Return, exactly and with nothing added, the line with "El plato nacional" together with all lines after it through the end of the data below. No pictures belong in the copy.

### DATA
+---+

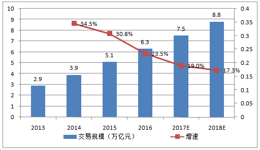 2013-2018年中國(guó)跨境電商交易規(guī)模及預(yù)測(cè)
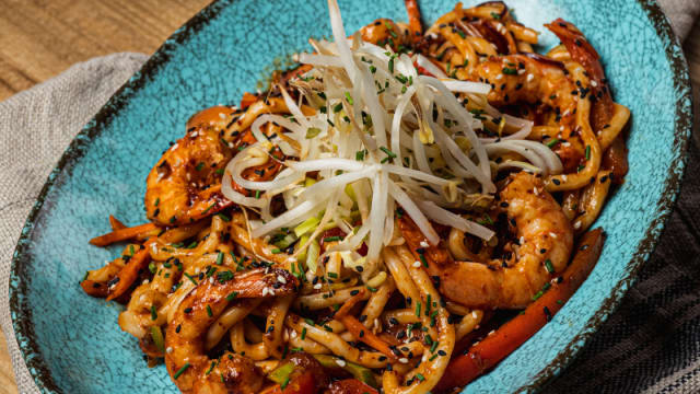 El plato nacional de Tailandia te va a flipar. Tallarines de arroz, brotes de soja, huevo, cebollino, tamarindo, cacahuete y tu proteína favorita es escoger (langostinos +1,30€ sobre el precio).Alérgenos: Pescado, sulfitos, huevo, cacahuete, frutos secos y soja.
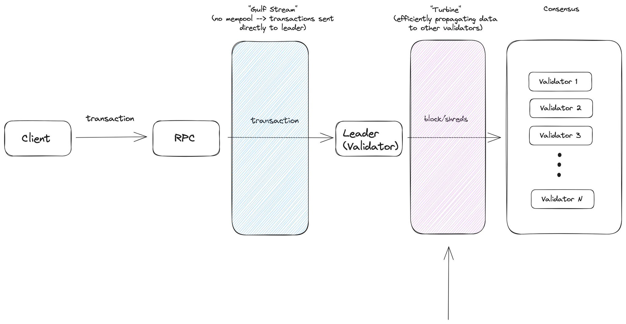 Solana 通过独特的架构设计迎接了这一挑战,促进了区块的持续创建和传播。这是通过多项关键创新实现的,例如领导者选择、Gulf Stream(消除了对内存池的需求)和 Turbine(区块传播机制)。

+---+

### WORKED SOLUTION
 El plato nacional de Tailandia te va a flipar. Tallarines de arroz, brotes de soja, huevo, cebollino, tamarindo, cacahuete y tu proteína favorita es escoger (langostinos +1,30€ sobre el precio).Alérgenos: Pescado, sulfitos, huevo, cacahuete, frutos secos y soja.
 Solana 通过独特的架构设计迎接了这一挑战,促进了区块的持续创建和传播。这是通过多项关键创新实现的,例如领导者选择、Gulf Stream(消除了对内存池的需求)和 Turbine(区块传播机制)。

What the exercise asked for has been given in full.